● **What you will do**: Exact wording is needed for every line from the one holding "Também há oportunidade" to the end of the records below; write those lines out and omit the pictures.

*** Data for this exercise ***

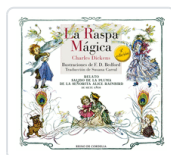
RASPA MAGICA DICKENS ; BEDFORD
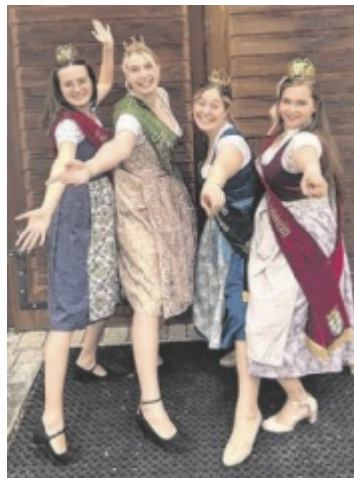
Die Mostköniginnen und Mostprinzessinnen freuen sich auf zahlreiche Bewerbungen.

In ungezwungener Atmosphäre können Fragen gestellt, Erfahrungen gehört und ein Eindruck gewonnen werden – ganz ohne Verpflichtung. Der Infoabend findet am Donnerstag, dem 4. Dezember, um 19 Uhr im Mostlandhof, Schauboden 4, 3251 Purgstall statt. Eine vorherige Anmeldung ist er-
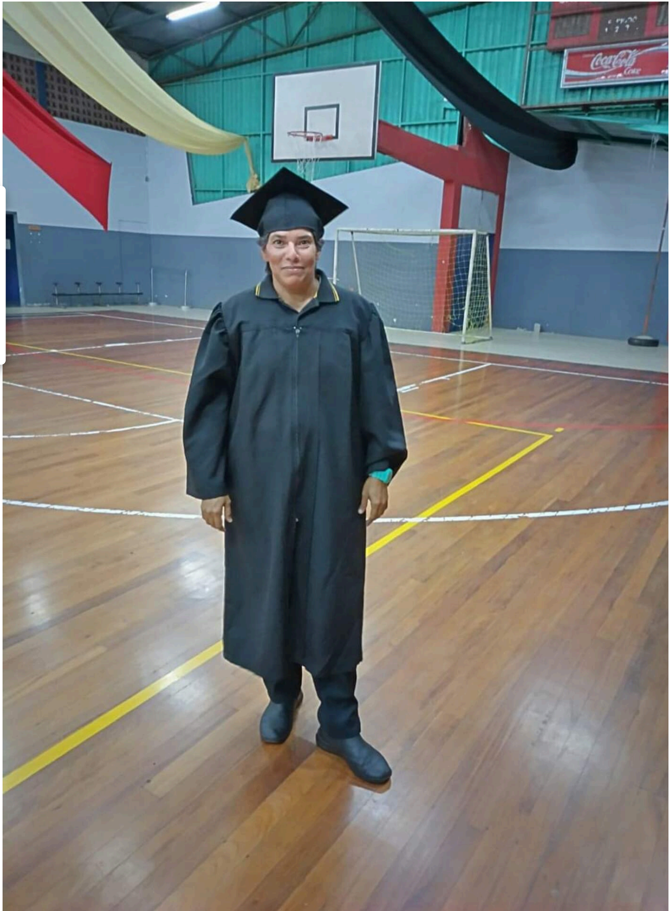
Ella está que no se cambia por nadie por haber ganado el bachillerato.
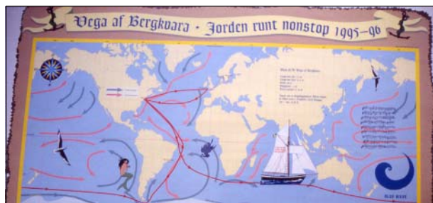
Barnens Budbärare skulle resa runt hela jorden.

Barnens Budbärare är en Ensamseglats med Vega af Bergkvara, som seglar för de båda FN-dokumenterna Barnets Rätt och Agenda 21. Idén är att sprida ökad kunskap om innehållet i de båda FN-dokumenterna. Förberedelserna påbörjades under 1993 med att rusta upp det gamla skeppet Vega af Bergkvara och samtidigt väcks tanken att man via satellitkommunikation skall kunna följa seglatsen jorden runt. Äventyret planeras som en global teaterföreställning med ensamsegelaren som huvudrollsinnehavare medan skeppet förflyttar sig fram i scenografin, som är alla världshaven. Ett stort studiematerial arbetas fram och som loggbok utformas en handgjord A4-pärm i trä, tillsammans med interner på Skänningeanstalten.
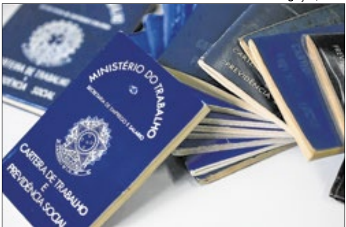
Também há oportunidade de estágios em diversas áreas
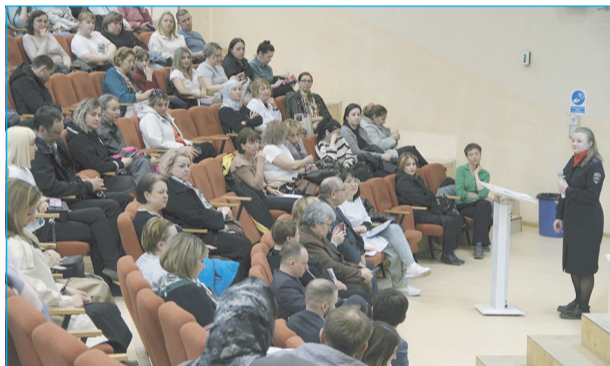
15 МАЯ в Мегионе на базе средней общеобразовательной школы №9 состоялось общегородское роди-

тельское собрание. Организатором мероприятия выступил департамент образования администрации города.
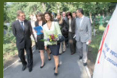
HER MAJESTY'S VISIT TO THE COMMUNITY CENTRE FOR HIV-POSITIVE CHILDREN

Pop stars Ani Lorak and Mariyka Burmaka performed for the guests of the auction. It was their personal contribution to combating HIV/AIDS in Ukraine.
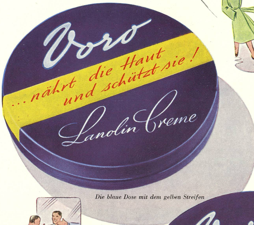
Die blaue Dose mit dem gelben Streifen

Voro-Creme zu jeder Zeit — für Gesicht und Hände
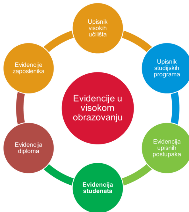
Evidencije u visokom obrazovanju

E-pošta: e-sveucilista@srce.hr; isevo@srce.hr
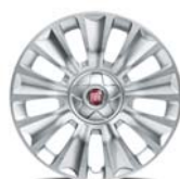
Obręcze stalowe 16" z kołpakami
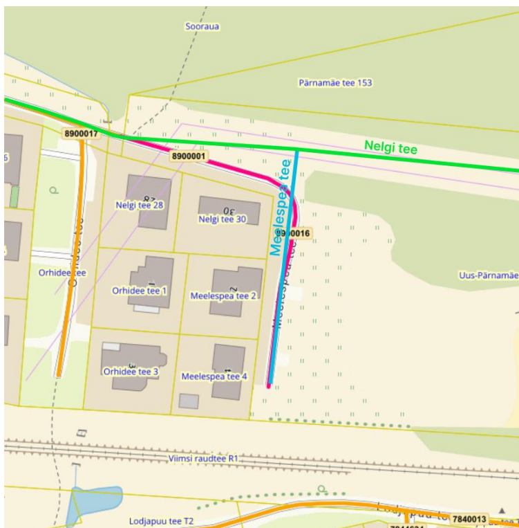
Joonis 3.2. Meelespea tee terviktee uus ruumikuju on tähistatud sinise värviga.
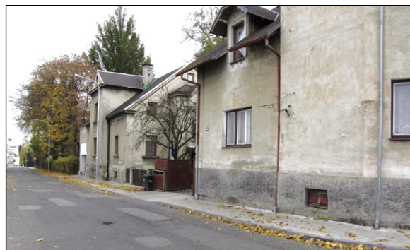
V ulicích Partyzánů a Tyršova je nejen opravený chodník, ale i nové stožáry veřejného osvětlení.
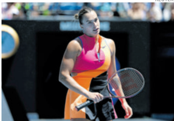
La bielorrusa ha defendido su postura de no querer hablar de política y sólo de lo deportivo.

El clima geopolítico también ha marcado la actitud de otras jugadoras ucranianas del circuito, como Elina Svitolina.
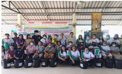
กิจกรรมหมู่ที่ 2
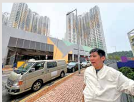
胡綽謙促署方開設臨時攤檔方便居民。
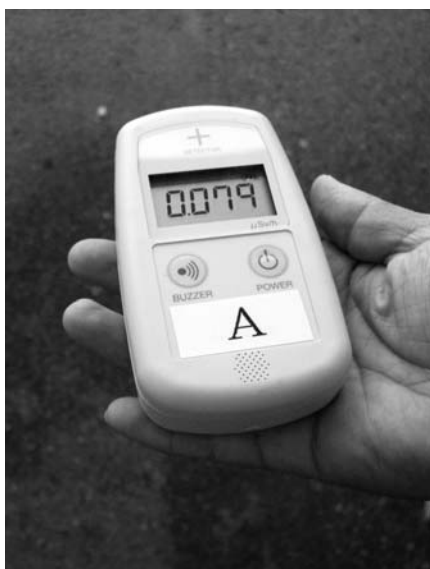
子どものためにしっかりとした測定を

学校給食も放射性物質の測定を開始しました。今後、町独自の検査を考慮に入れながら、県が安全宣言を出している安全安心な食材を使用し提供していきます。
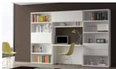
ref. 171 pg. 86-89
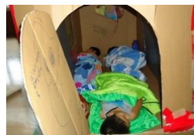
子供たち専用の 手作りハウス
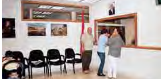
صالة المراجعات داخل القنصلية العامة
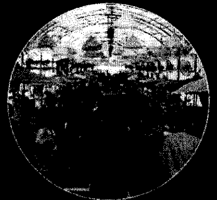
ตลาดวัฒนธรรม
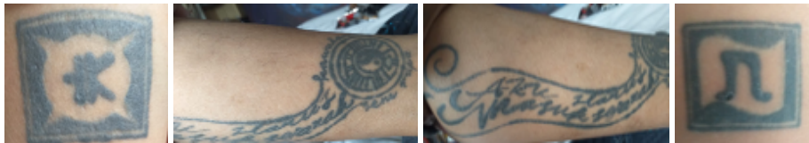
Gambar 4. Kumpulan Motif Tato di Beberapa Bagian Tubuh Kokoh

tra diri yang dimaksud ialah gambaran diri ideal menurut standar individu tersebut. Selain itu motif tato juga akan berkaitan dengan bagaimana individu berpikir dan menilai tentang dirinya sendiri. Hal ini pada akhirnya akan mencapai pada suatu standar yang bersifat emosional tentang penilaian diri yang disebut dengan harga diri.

*** End of Data for this exercise ***

● **Solution to the exercise**:
Também há oportunidade de estágios em diversas áreas
15 МАЯ в Мегионе на базе средней общеобразовательной школы №9 состоялось общегородское роди-

тельское собрание. Организатором мероприятия выступил департамент образования администрации города.
HER MAJESTY'S VISIT TO THE COMMUNITY CENTRE FOR HIV-POSITIVE CHILDREN

Pop stars Ani Lorak and Mariyka Burmaka performed for the guests of the auction. It was their personal contribution to combating HIV/AIDS in Ukraine.
Die blaue Dose mit dem gelben Streifen

Voro-Creme zu jeder Zeit — für Gesicht und Hände
Evidencije u visokom obrazovanju

E-pošta: e-sveucilista@srce.hr; isevo@srce.hr
Obręcze stalowe 16" z kołpakami
Joonis 3.2. Meelespea tee terviktee uus ruumikuju on tähistatud sinise värviga.
V ulicích Partyzánů a Tyršova je nejen opravený chodník, ale i nové stožáry veřejného osvětlení.
La bielorrusa ha defendido su postura de no querer hablar de política y sólo de lo deportivo.

El clima geopolítico también ha marcado la actitud de otras jugadoras ucranianas del circuito, como Elina Svitolina.
กิจกรรมหมู่ที่ 2
胡綽謙促署方開設臨時攤檔方便居民。
子どものためにしっかりとした測定を

学校給食も放射性物質の測定を開始しました。今後、町独自の検査を考慮に入れながら、県が安全宣言を出している安全安心な食材を使用し提供していきます。
ref. 171 pg. 86-89
子供たち専用の 手作りハウス
صالة المراجعات داخل القنصلية العامة
ตลาดวัฒนธรรม
Gambar 4. Kumpulan Motif Tato di Beberapa Bagian Tubuh Kokoh

tra diri yang dimaksud ialah gambaran diri ideal menurut standar individu tersebut. Selain itu motif tato juga akan berkaitan dengan bagaimana individu berpikir dan menilai tentang dirinya sendiri. Hal ini pada akhirnya akan mencapai pada suatu standar yang bersifat emosional tentang penilaian diri yang disebut dengan harga diri.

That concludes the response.